Architecture & Fundamentals

Tapdata Components Overview

The Tapdata Platform consists following components:

Tapdata Core Components:

Incremental Engine(IE): The core component handles data capture, process and output tasks.
Service Engine(SE): responsible for publish & serve Data API
Tapdata Management(TM): Functionalities necessary for the data platform, including job management, monitoring, metadata, security, users & permissions etc.

Tapdata Client Components

Tap Shell: Interactive shell to author, run & monitor pipelines and manage data APIs.
Client SDK: Language SDKs to manage/interact with Tapdata from programming language, currently only Python is supported. Java is on the roadmap.
PDK: Plugin Development Kit for custom sources, targets & processors

Incremental Engine

Incremental Engine is the core power house in Tapdata platform. It handles following key tasks:

Receives job specifications from Tapdata management & execute the job/pipeline
Capture data from source databases (or API sources), in batch or using CDC(most time)
Performs statueful & stateless transformations & computations on the data pipelines, including filtering, merging, joining, cache lookup etc.
Write output to the data destinations, typically database or data warehouses.
Performs incremental data verifications.

Storage Engine

Tapdata may store two kinds of data in data store: Change Events & Customer Data.

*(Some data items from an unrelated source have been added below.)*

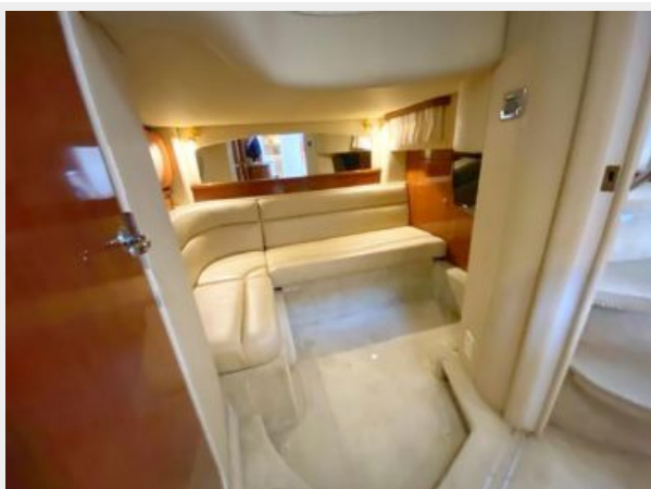
Aft cabin view 2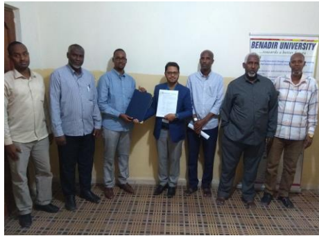
MoU with Benadir University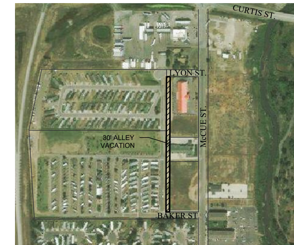
VICINITY MAP SCALE: 1"=500'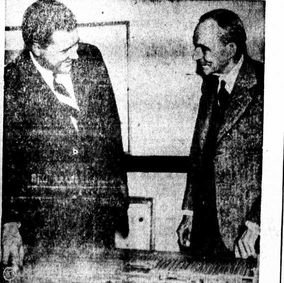
Henry Ford, 82-year-old founder of an automobile model of the Detroit Rouge plant to his grandson, Henry Ford II. Young Ford has just been announced as successor to his grandfather as President of the Ford Motor Company.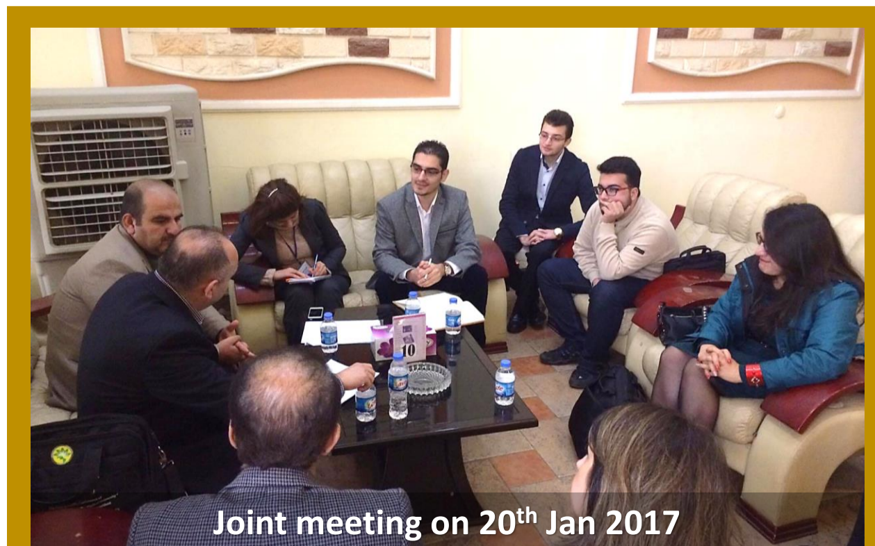
Joint meeting on 20 th Jan 2017

The attendants discussed the environmental issues or problems environment faces in Kurdistan. They also talked about the passive role the government plays especially in such a sophisticated and terrible economic condition that Iraq and Kurdistan is facing. The attendants emphasized the importance of working of the NGOs together to force the government and the policy makers through working on raising awareness of the individuals in the community as well as the role of media in such regards.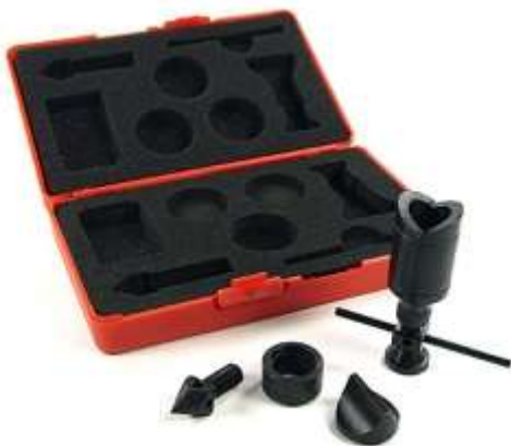
P/N 2907 $14.95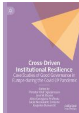
Cross-Driven Institutional Resilience Ladenpreis: 175,99EUR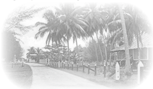
Principal Street Labuan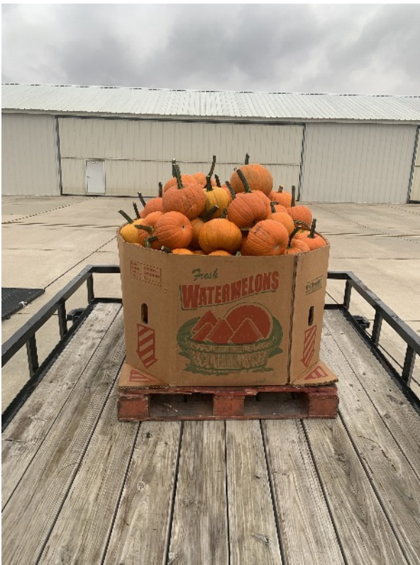
A simple box of Pumpkins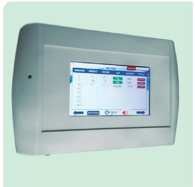
Medical Gas Master Panel

"Arigmed Interface" will be required to connect on medical gas master panel also a good fix quality internet source, status network can be displayed on HTML arigmed web site. System can send network alarm events to a registered email address "on real time".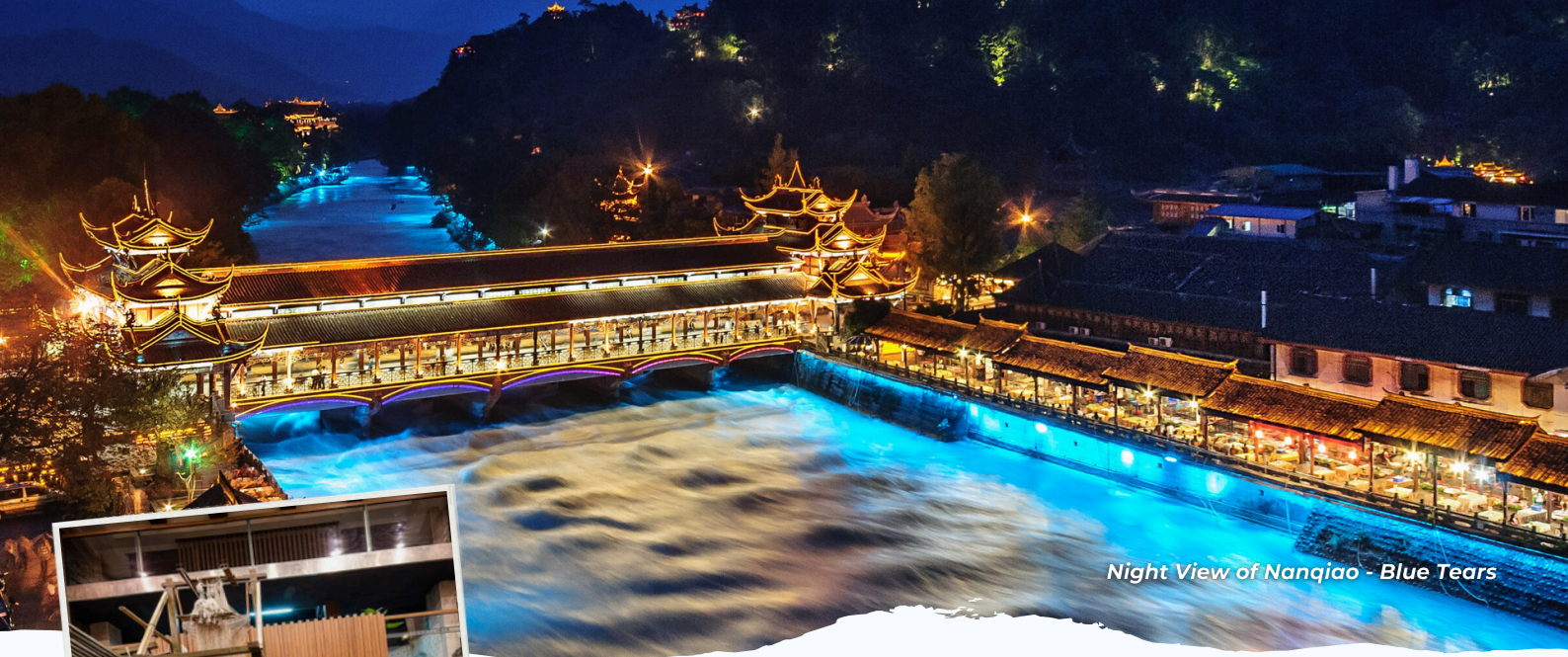
Night View of Nanqiao - Blue Tears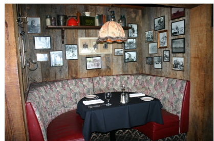
Loaded with memorabilia and artwork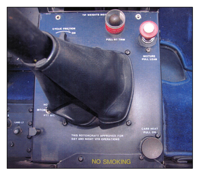
Photo 1. Centre pedestal with mixture control at upper right and carburetor heat control at lower right

The fuel mixture and carburetor heat controls are located on the centre pedestal in close proximity to each other. To aid in identification, the control knobs are shaped differently. Furthermore, the fuel mixture control knob is red while the carburetor heat control knob is black (see Photo 1). To prevent the inadvertent deployment in flight, the manufacturer's checklist directs the pilot to place a removable cylindrical plastic guard over the mixture control knob before starting the engine (see Photo 2). This guard is not to be removed until engine shutdown when the mixture control knob is pulled to the idle cut-off position (see Photo 3). This plastic guard is not permanently attached to the control panel. While the plastic guard was found at the crash site, it could not be determined whether it was used at the time of the occurrence.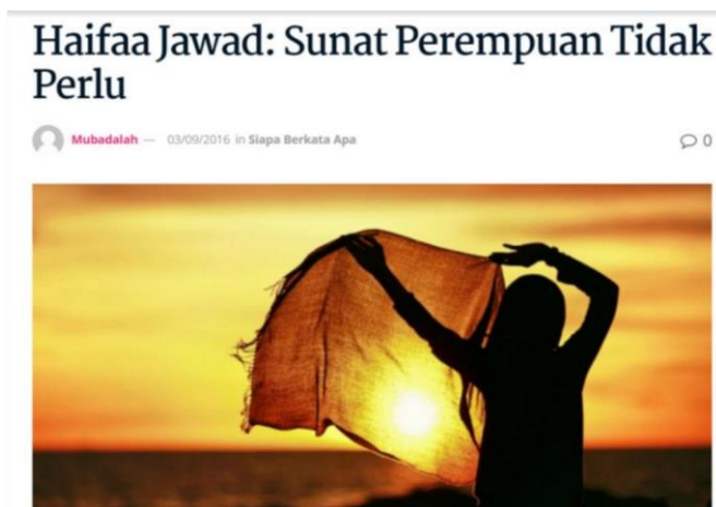
Figure 2. Example of Article on the Rejection of Practice of FGM Article Title 'Haifaa Jawaad: Female Genital Mutilation is Unnecessary'

In addition, KPPPA and UNFPA also socialized the Prevention of Gender-Based Violence and Harmful Practices using a gender transformative approach (involving men) and an ecological approach in North Lombok (2019–2021) through a program titled the Better Reproductive Health and Rights for All in Indonesia (BERANI) (UNFPA, 2023). The program involved 394 participants, consisting of 234 women and 159 men in Tenige and Tanjung villages, North Lombok. Ultimately, the program resulted in regulations applied in the two villages on preventing child marriage and protecting women's rights from gender-based violence in 2021. This was able to encourage behavior change in men and boys in the two assisted villages and to improve better understanding of the people on the issue of women's vulnerability to violence. They also managed to pass village regulations on the protection of the rights of both women and girls.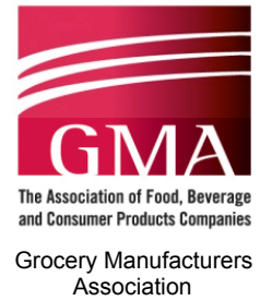
Grocery Manufacturers Association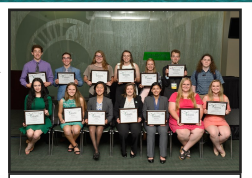
2019 State Award winners with their plaques

Michigan 4-H true leaders ages 11 and older have an opportunity to be recognized for the great work they do in 4-H and develop their career skills by completing a state award application. A Michigan 4-H State Award is the highest honor bestowed on a Michigan 4-H member and provides an opportunity to receive recognition for their engagement in rich learning experiences that result in outstanding knowledge and life-skill development.

To serve data via RESTful API, Tapdata replicates the data from source systems and store them in centralized data store.

To enable event-driven data processing and real time reverse ETL, Tapdata will keep certain amount of change events Tapdata captured from data sources.

In order to store these two types of data, Tapdata inclueds a distributed database in the installation. Currently MongoDB is used for the default storage option. In the future, additional database type(such as MySQL or TiDB) may be supported via the Storage Engine API(Planned feature)

Service Engine

Service Engine is written in Node.js. The primary purpose is to enable the data serving via RESTful API. Once you have created & configured your data API in Tapdata Management， the API definition will be picked up by Service Engine, when a HTTP request arrives at the API Server, Service Engine will automatically route the request to the generated code, the code will in turn to retrieve data from database, format it, and send back to the requester.

Service Engine is optional if you only use Tapdata for data integration & data processing.

Data Architecture

There are two primary use case categories for Tapdata:

As a data integration / data processing platform
As a data as a service or real time data platform

When you use Tapdata as a data integration tool, the data archtiecture is fairly simple, typically involes from source to processor to target.

When you use Tapdata as a real time data platform, things will be a bit more complex. The data flow would include:

Capture & Process
Unify & Store
Publish & Serve

FDM / MDM / ADM concept is originated fro IBM’s Master Data Management theory & practice. They represents the tiering/layering approach typically found in centralized data management. They’re similar to data warehouses ODS/DWD/DWS/DM tiering concept.

Foundational Data Model, or FDM, is similar to data warehouse’s ODS layer. In this layer we will store a nearly identical copy of the source data. With minimum processing and transformations, iDaaS will be able to ensure the correctness, consistency and promptness of the data in FDM layer.

Master Data Model, defines the enterprises main object data model.

Application Data Model, which can consists of Analytical & Transactional applications, defines the data models based on the downstream applications. This is usually optional step.

All the data movement from data sources to FDM layer, from FDM to MDM, are all handled by the Incremental Engine, which provides near real time data replication & on-the-fly transformation capability.

FDM/MDM/ADM are only logical layering, physically they’re still supported by database storage.

Terms & Concepts

Connections
Tables
iModels (Replicated, Joined, Aggregated data models)
Data API
Job
Pipeline

Connections/Databases

Database contains a collection of tables and requires connection information to access. For each database we require a connection to be setup.

Note database is a broader term. In case data source is an application or file system, database can refer to the application name and Directory/Folders.

Tables

Table holds rows of data. Table also has broader meaning: in a non-database data source, Table could be an Object(such as Customer or Opportunity in a CRM SaaS), or CSV file, or a specific RESTful API.

Incremental Model

In DaaS architecture, data in centralized store are typically replicated from sources. Hence we call a table in DaaS data store “Incremental Model” or iModel as they’re incrementally updated by the change events occurred in the source systems.

iModels a subset of “Tables”

Data API

To facilitate instant access to the managed data, Tapdata can automatically generate RESTful API code (nodejs) when you publish a Data API for a table(in relatioanl databases) or collection (in MongoDB). When you start a complete Tapdata installation, one or more API Server instances will run and listen on the 3030 port(configurable). When a HTTP request arrives at the API Server, Tapdata will route the request to the proper API code to handle the request.

Pipeline

A pipeline is an unit of primary data processing work. It typically includes one or more data sources(tables), zero or more processing nodes, and at least one output destination. A pipeline can typically be represented by a DAG diagram.